Within the listing that follows, reproduce exactly the lines starting at the line with "Anillo de tablero" and ending at the line with "トートバッグ 仕切り レディース", inclusive, and only those. Pictures are dropped.

## Input
╭──

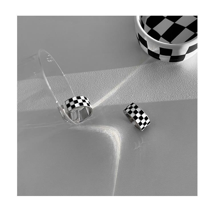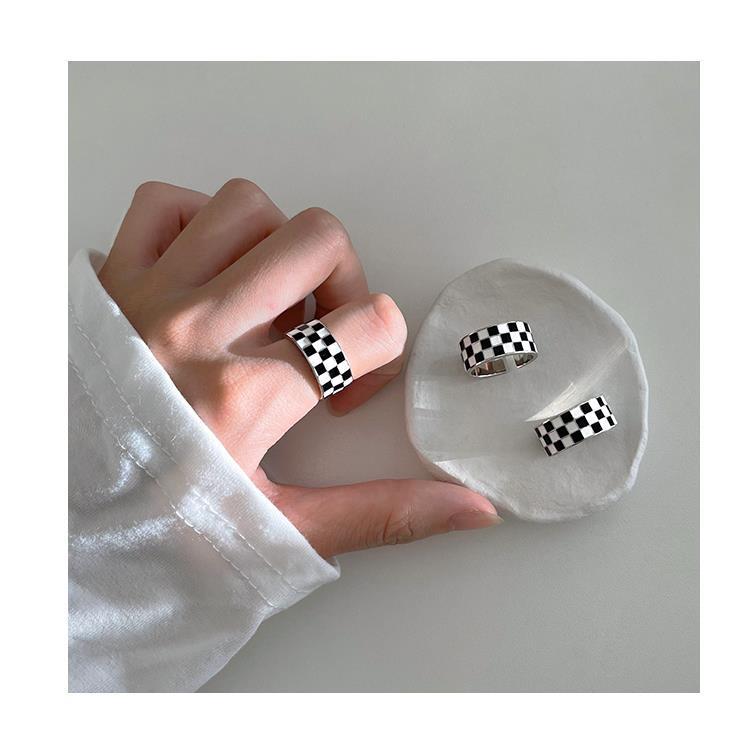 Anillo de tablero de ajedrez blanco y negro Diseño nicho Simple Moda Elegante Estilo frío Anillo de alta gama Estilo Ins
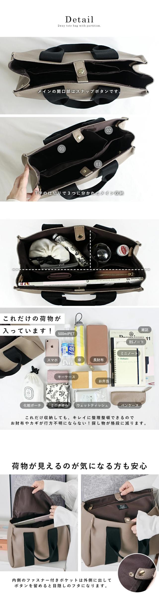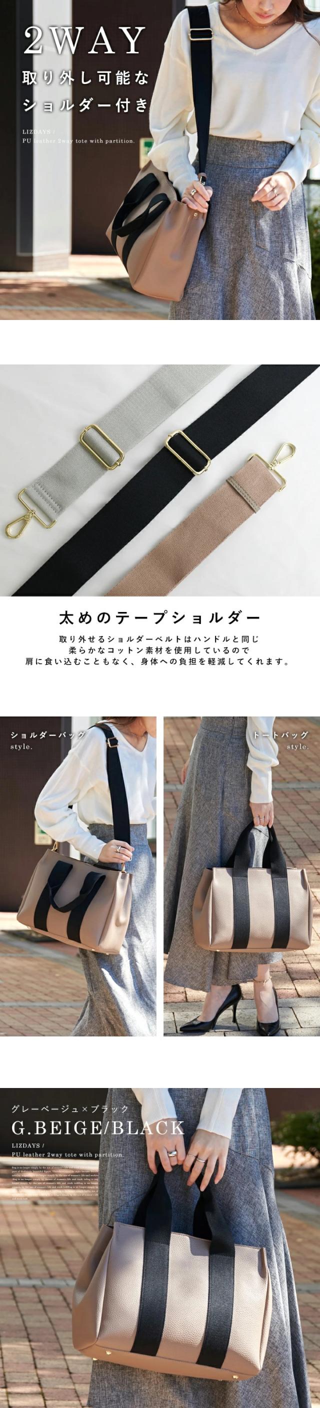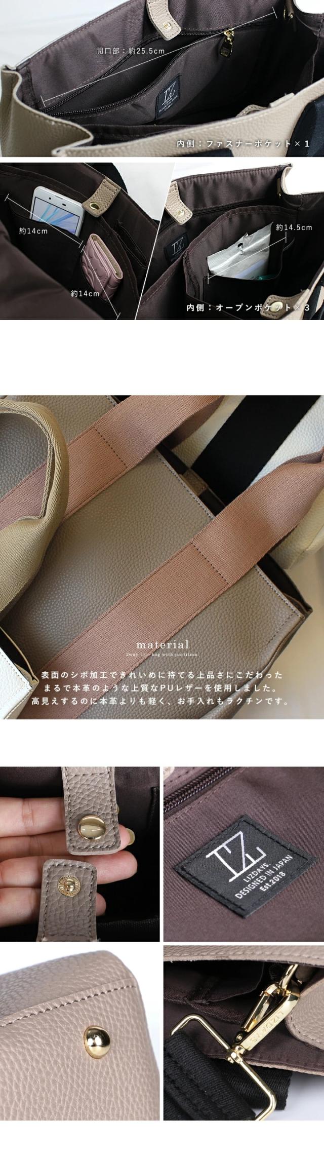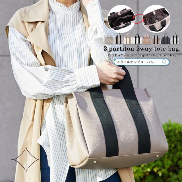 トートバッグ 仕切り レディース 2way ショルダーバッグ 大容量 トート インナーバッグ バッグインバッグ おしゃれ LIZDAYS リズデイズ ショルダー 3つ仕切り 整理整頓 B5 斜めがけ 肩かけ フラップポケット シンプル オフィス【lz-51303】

╰──
╭──

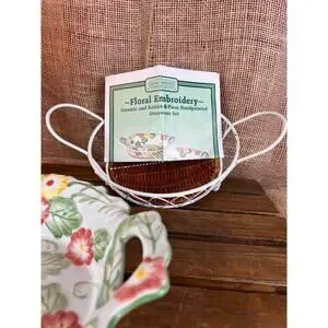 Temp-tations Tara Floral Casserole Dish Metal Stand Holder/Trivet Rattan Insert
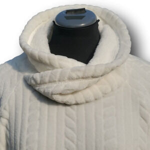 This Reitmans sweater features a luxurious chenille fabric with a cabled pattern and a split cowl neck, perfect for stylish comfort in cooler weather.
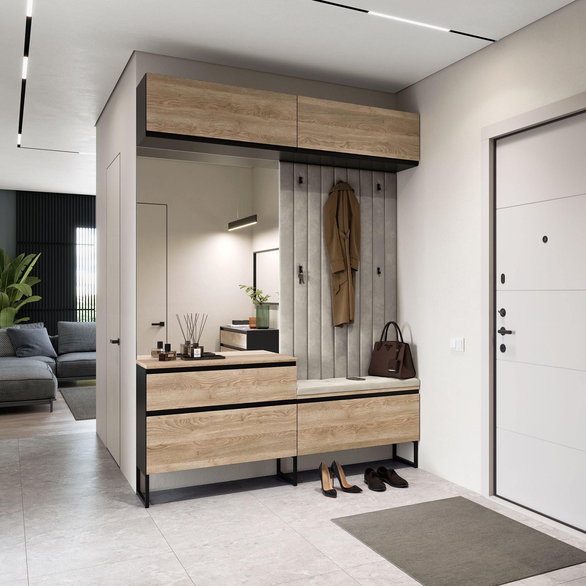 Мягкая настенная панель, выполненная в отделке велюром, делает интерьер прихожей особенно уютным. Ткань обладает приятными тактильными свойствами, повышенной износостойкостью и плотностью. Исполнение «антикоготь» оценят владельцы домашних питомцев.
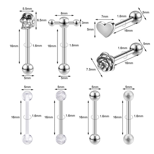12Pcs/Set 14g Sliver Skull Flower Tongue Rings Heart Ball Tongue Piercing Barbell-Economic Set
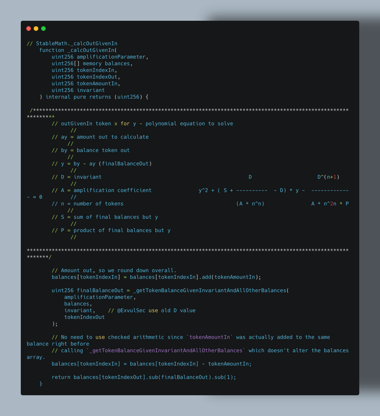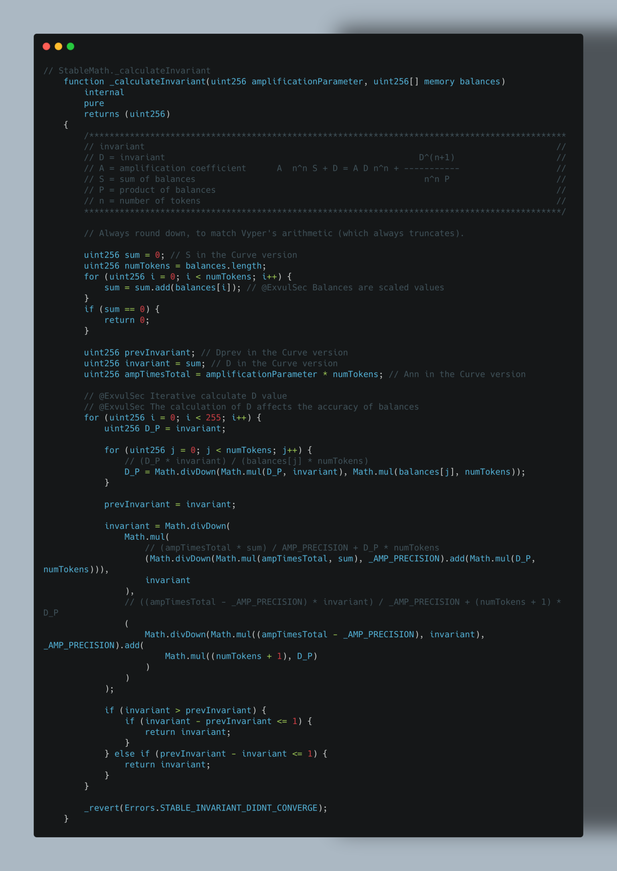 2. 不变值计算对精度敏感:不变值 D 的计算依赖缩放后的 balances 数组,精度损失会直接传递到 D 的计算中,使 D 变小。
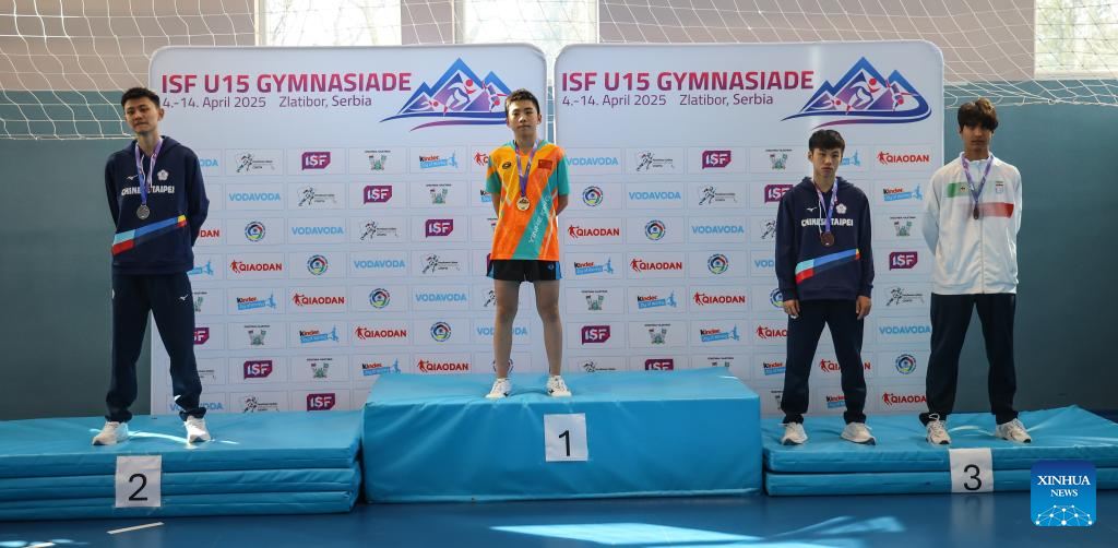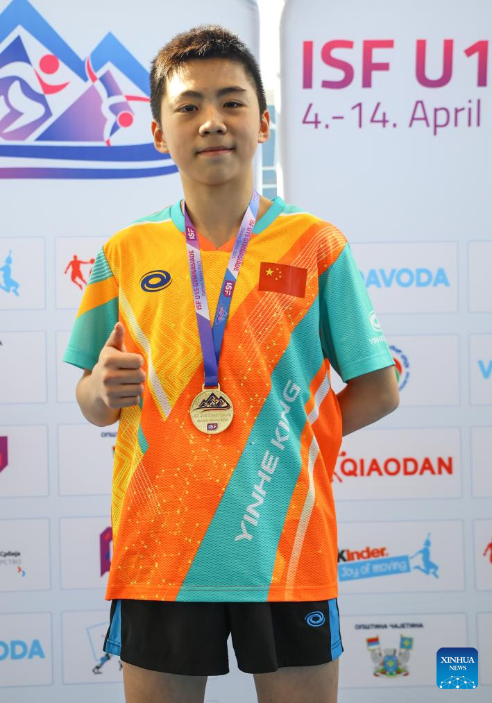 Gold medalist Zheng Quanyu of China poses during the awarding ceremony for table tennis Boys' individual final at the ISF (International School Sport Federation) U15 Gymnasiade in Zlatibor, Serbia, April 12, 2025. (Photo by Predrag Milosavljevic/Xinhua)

╰──

## Result of this exercise
 Anillo de tablero de ajedrez blanco y negro Diseño nicho Simple Moda Elegante Estilo frío Anillo de alta gama Estilo Ins
 トートバッグ 仕切り レディース 2way ショルダーバッグ 大容量 トート インナーバッグ バッグインバッグ おしゃれ LIZDAYS リズデイズ ショルダー 3つ仕切り 整理整頓 B5 斜めがけ 肩かけ フラップポケット シンプル オフィス【lz-51303】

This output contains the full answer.